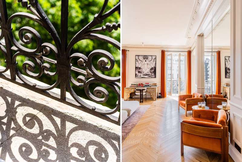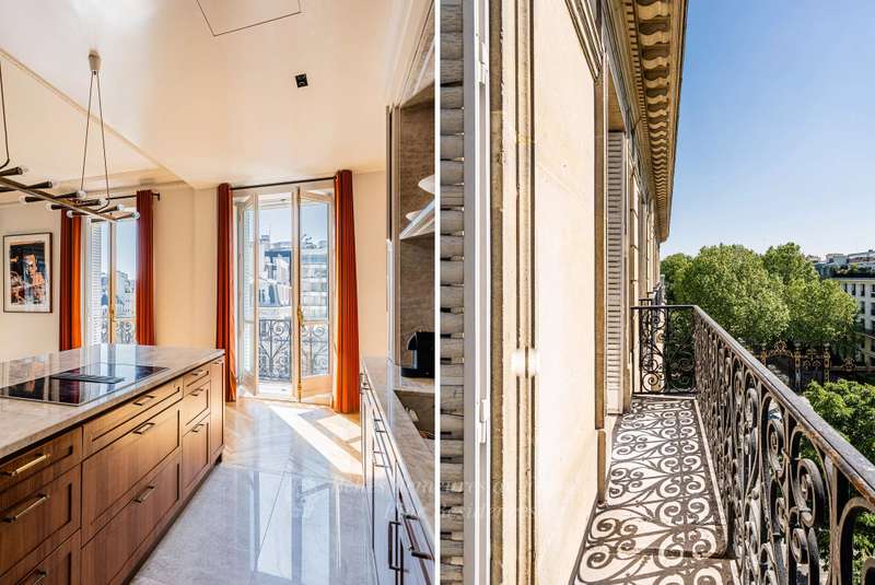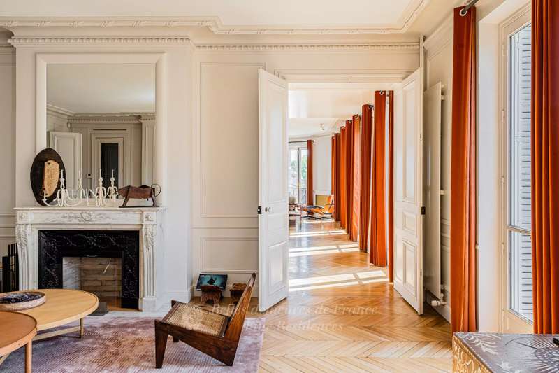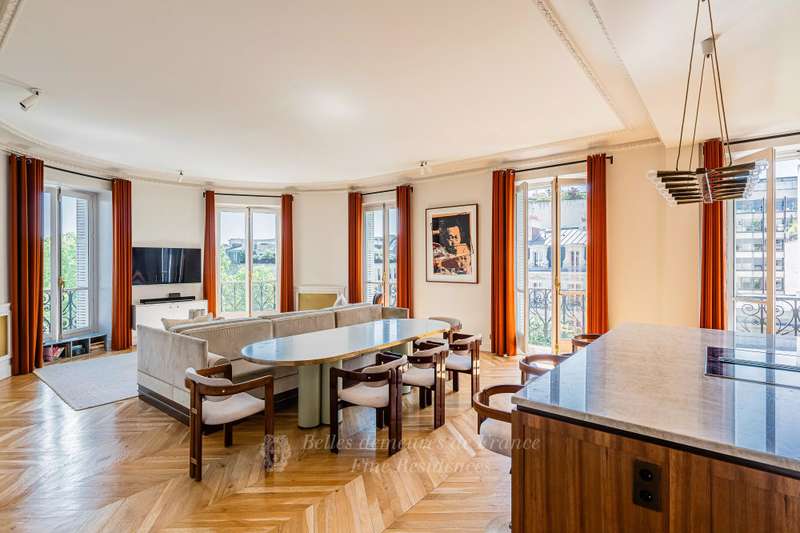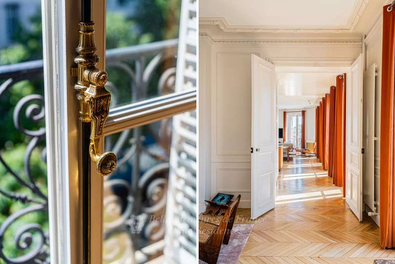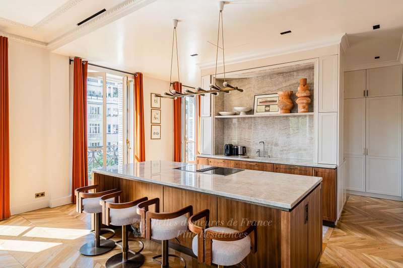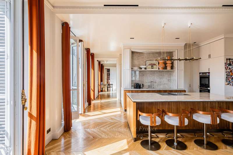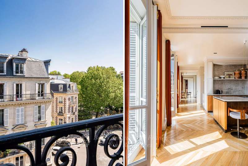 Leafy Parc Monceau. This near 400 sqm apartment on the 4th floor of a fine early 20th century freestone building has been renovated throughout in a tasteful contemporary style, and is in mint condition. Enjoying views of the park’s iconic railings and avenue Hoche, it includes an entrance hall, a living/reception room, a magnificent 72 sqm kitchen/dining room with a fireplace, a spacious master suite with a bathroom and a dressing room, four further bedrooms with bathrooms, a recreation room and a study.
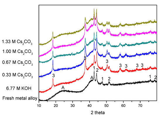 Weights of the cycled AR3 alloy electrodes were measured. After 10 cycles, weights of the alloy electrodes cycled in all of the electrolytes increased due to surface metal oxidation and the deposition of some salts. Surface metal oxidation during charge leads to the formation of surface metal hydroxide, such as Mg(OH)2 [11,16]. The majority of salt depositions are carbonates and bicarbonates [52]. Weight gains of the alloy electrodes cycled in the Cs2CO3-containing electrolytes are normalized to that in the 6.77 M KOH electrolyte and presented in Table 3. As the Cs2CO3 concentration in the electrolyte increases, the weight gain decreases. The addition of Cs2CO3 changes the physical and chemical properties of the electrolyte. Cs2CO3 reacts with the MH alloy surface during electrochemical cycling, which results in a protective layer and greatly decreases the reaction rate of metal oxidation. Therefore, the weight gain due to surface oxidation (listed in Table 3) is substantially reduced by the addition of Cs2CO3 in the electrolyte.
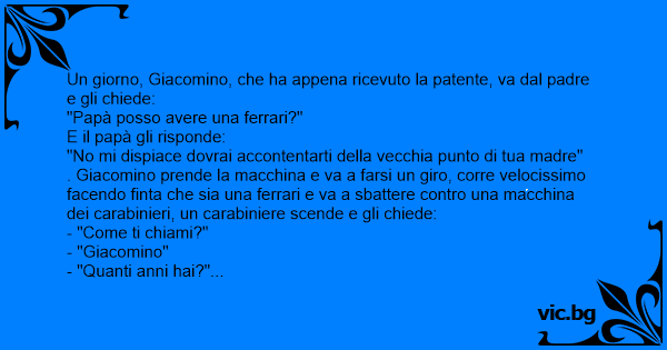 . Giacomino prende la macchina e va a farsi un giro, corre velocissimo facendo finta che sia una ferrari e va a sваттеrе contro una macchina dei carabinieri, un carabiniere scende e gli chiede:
=-=-=
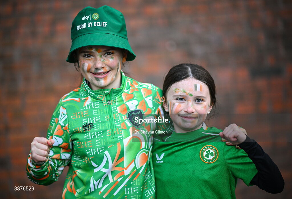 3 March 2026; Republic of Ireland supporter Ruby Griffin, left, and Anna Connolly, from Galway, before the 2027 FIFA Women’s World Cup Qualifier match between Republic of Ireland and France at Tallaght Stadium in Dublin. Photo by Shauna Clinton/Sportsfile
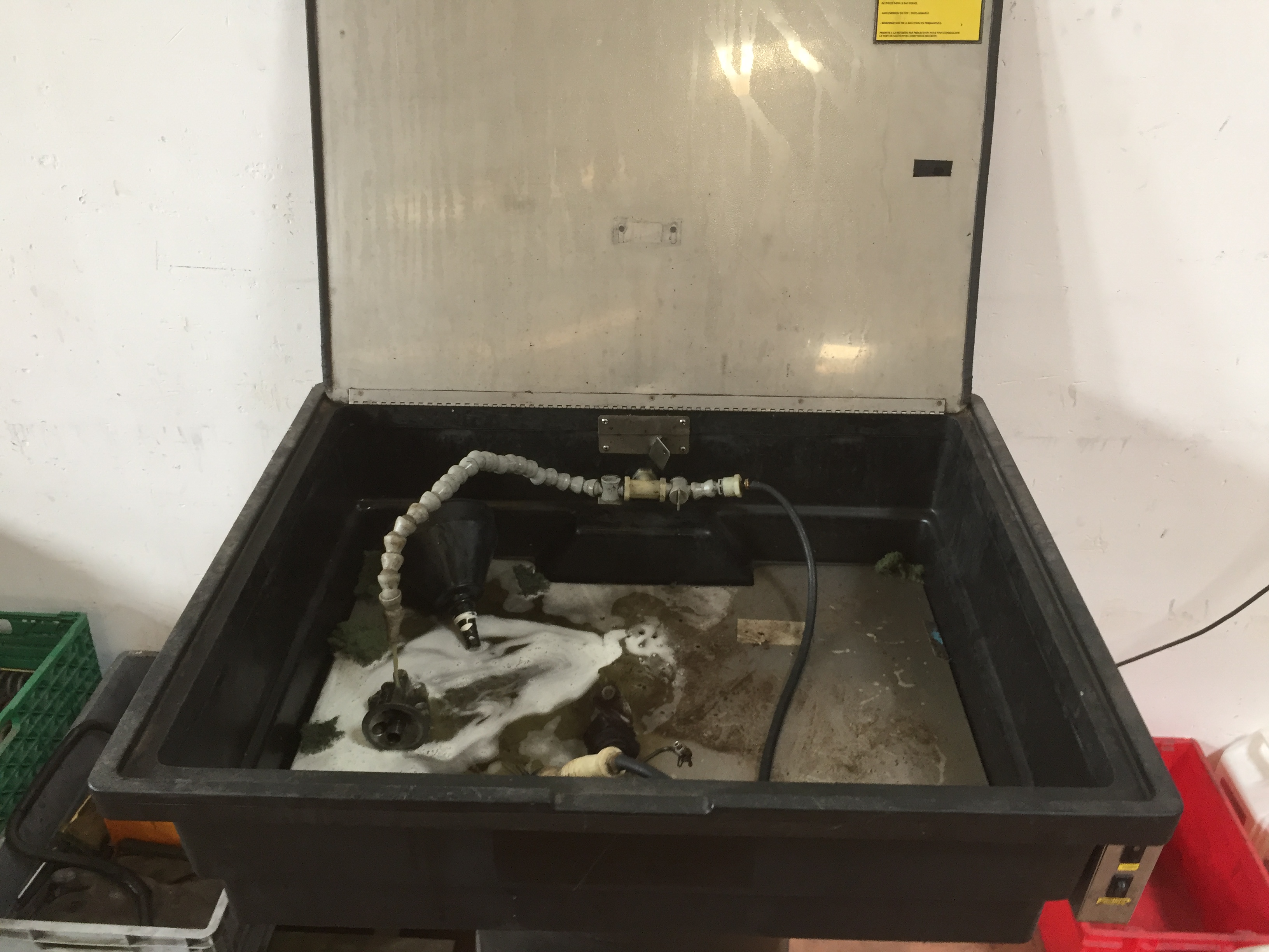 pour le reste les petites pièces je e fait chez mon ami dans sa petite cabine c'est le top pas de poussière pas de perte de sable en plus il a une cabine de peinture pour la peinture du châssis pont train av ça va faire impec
=-=-=
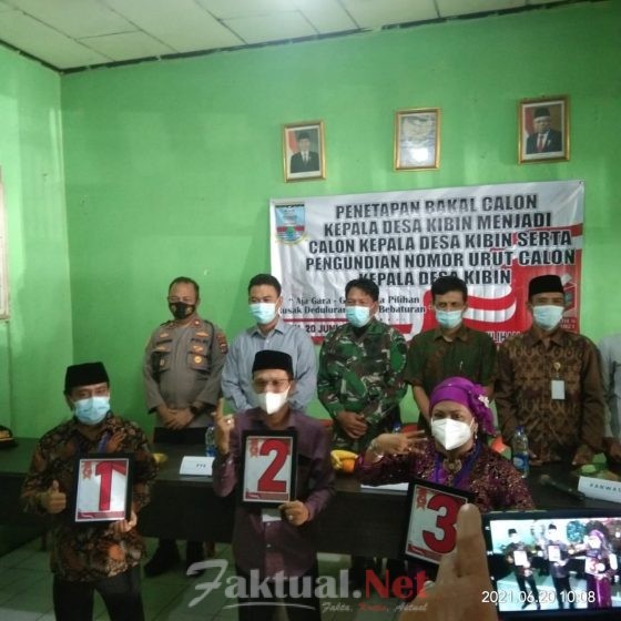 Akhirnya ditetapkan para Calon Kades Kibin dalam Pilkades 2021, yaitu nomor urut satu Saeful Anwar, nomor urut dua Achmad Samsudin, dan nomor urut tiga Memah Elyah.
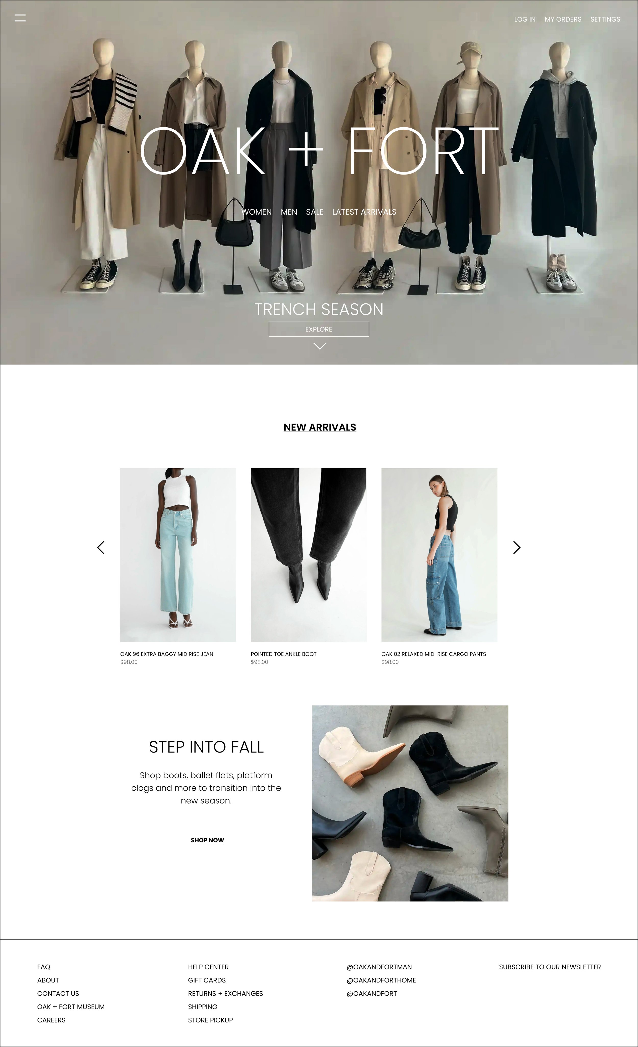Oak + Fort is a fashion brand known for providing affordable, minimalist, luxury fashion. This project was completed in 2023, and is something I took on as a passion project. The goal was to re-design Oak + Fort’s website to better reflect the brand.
=-=-=
[ABOUT THIS TASK]: Repeat, word for word, the lines of the material above from the one holding "Weights of the cycled" through the one holding "Giacomino prende la". Leave out pictures.

[RESPONSE TO THIS TASK]:
 Weights of the cycled AR3 alloy electrodes were measured. After 10 cycles, weights of the alloy electrodes cycled in all of the electrolytes increased due to surface metal oxidation and the deposition of some salts. Surface metal oxidation during charge leads to the formation of surface metal hydroxide, such as Mg(OH)2 [11,16]. The majority of salt depositions are carbonates and bicarbonates [52]. Weight gains of the alloy electrodes cycled in the Cs2CO3-containing electrolytes are normalized to that in the 6.77 M KOH electrolyte and presented in Table 3. As the Cs2CO3 concentration in the electrolyte increases, the weight gain decreases. The addition of Cs2CO3 changes the physical and chemical properties of the electrolyte. Cs2CO3 reacts with the MH alloy surface during electrochemical cycling, which results in a protective layer and greatly decreases the reaction rate of metal oxidation. Therefore, the weight gain due to surface oxidation (listed in Table 3) is substantially reduced by the addition of Cs2CO3 in the electrolyte.
 . Giacomino prende la macchina e va a farsi un giro, corre velocissimo facendo finta che sia una ferrari e va a sваттеrе contro una macchina dei carabinieri, un carabiniere scende e gli chiede:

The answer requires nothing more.